◆ **Exercise instructions**
Return the data below exactly, minus the pictures.

◆ **Dataset extract**
========================================
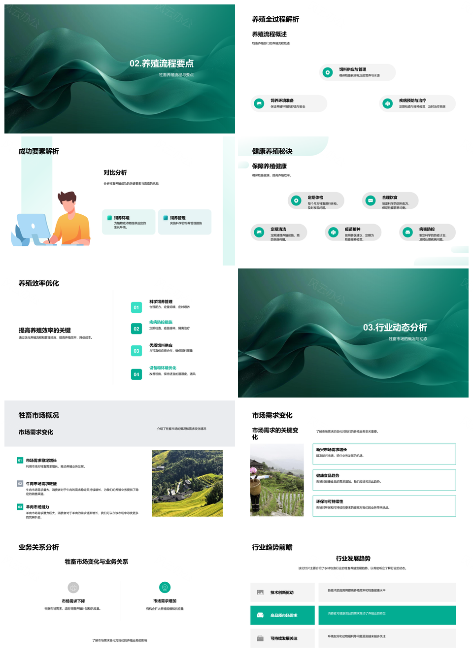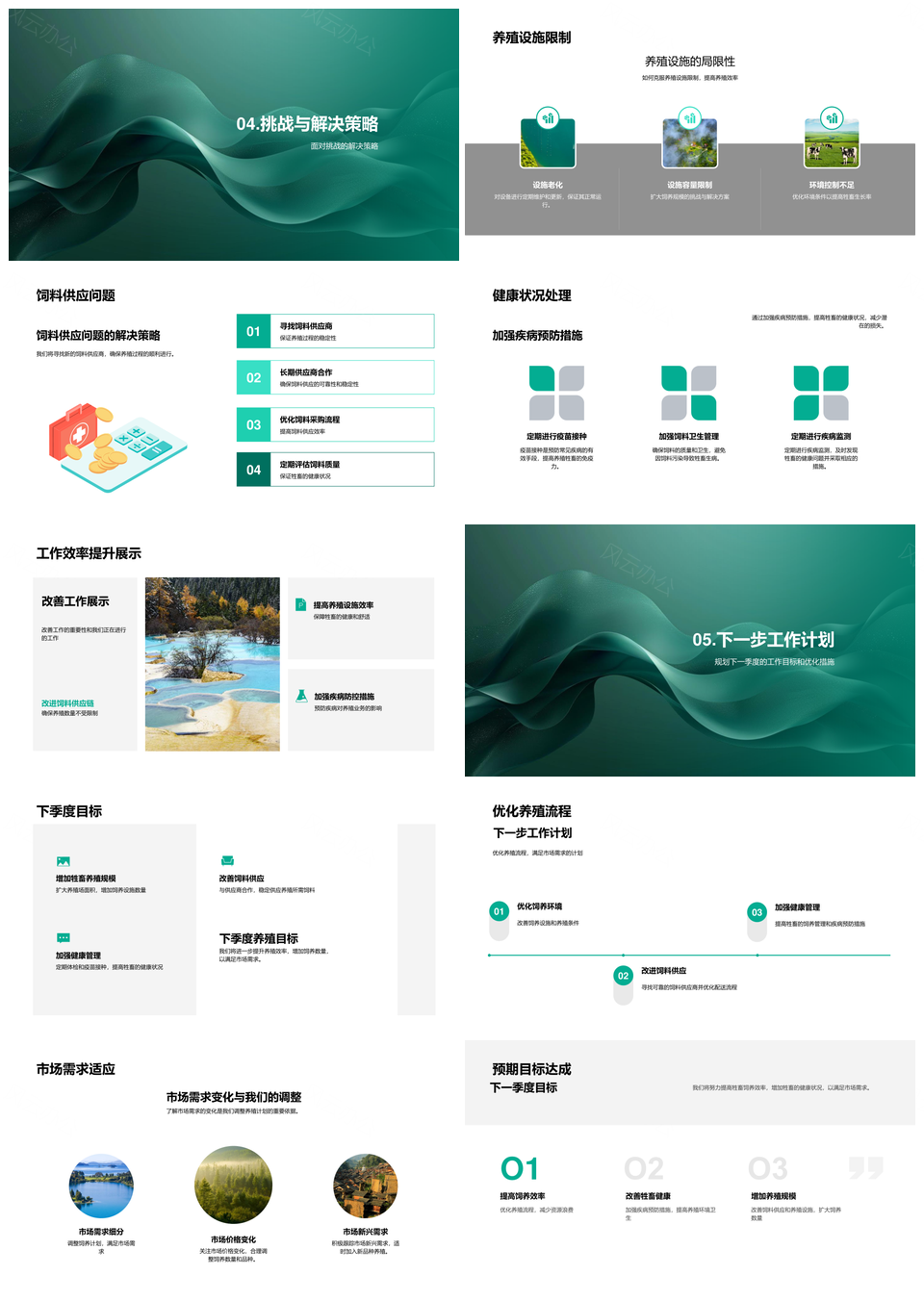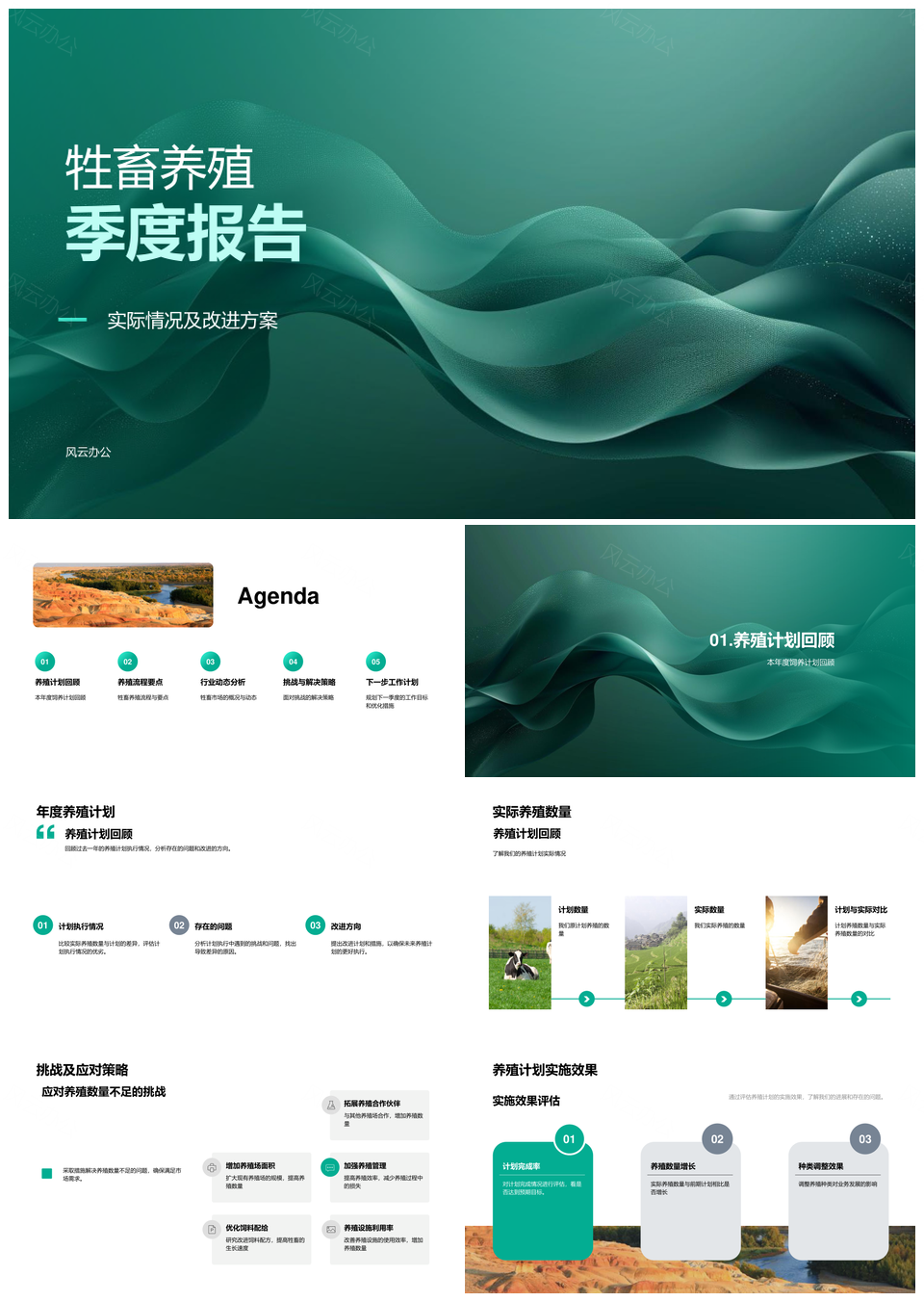 风云办公提供的牲畜养殖季度总结分析及工作计划PPT模板,下载格式为pptx,一共28页,作品中文字及图均可以修改和编辑,图片更改请在作品中右键图片并更换,文字修改请直接点击文字进行修改。
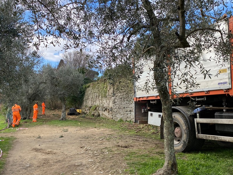 La riqualificazione del verde presente nell’area comprende: la ripulitura degli infestanti presenti sulle mura; la sostituzione di tutti gli esemplari di pino nero (impiantati recentemente e non autoctoni) con piante di olivo, volta ad un riassetto strutturale sia della specie che dell’organizzazione spaziale dovuta ad una riprogettazione del sito effettuata direttamente da Città Metropolitana e Comune, perseguendo un’ uniformità stilistica e paesaggistica rispetto all’oliveta adiacente.
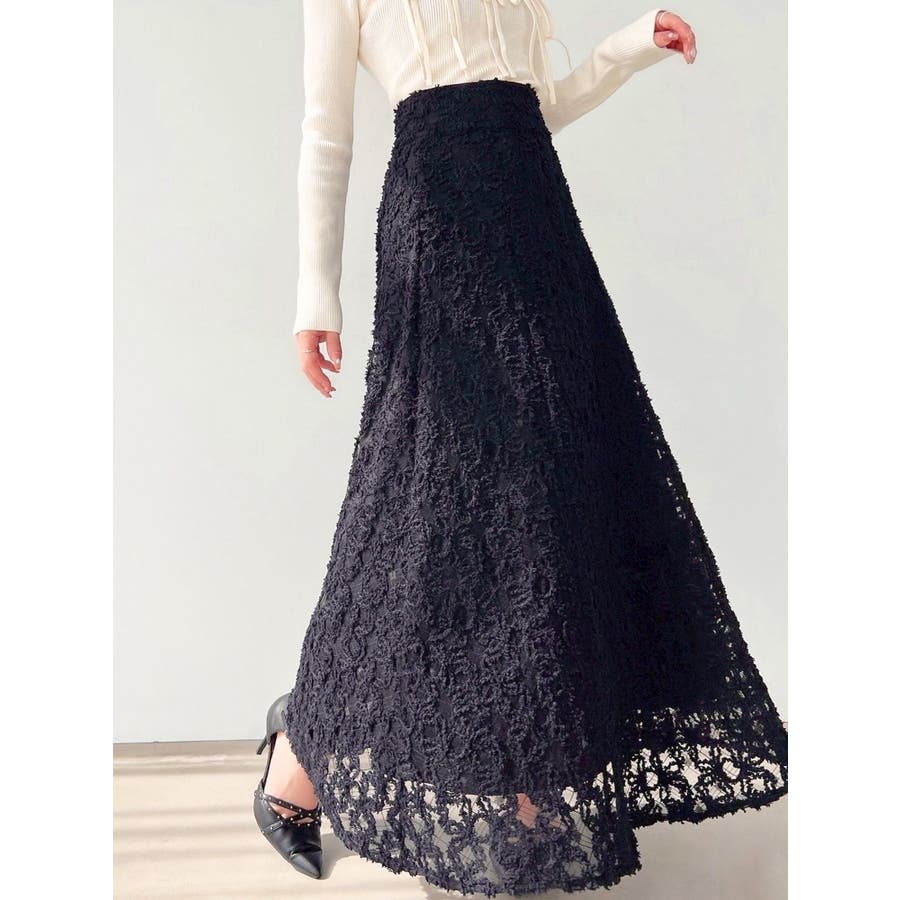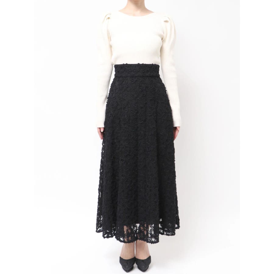 ジャガード生地で高級感のあるスカート▽デザイン▽全面ジャガード生地で表面感があり、高見えするスカート。裾に向かって緩やかに広がるフレアシルエットで大人な1枚に仕上げました。ウエスト幅があるハイウエストデザインなのでフィットフレアの美しいシルエットを演出。裾は裏地が無いため透け感があり、重たくならずに着用いただけます。▽カラー▽白・黒の2色展開。▽スタイリング▽1枚持っているとオールシーズン活躍するフレアスカート。ハイウエストなのでニットからブラウスまで様々なトップスと相性抜群◎デイリーはもちろん、デートコーデやオフィスコーデなど様々なシーンに♪
========================================
◆ **Result for this exercise**
 风云办公提供的牲畜养殖季度总结分析及工作计划PPT模板,下载格式为pptx,一共28页,作品中文字及图均可以修改和编辑,图片更改请在作品中右键图片并更换,文字修改请直接点击文字进行修改。
 La riqualificazione del verde presente nell’area comprende: la ripulitura degli infestanti presenti sulle mura; la sostituzione di tutti gli esemplari di pino nero (impiantati recentemente e non autoctoni) con piante di olivo, volta ad un riassetto strutturale sia della specie che dell’organizzazione spaziale dovuta ad una riprogettazione del sito effettuata direttamente da Città Metropolitana e Comune, perseguendo un’ uniformità stilistica e paesaggistica rispetto all’oliveta adiacente.
 ジャガード生地で高級感のあるスカート▽デザイン▽全面ジャガード生地で表面感があり、高見えするスカート。裾に向かって緩やかに広がるフレアシルエットで大人な1枚に仕上げました。ウエスト幅があるハイウエストデザインなのでフィットフレアの美しいシルエットを演出。裾は裏地が無いため透け感があり、重たくならずに着用いただけます。▽カラー▽白・黒の2色展開。▽スタイリング▽1枚持っているとオールシーズン活躍するフレアスカート。ハイウエストなのでニットからブラウスまで様々なトップスと相性抜群◎デイリーはもちろん、デートコーデやオフィスコーデなど様々なシーンに♪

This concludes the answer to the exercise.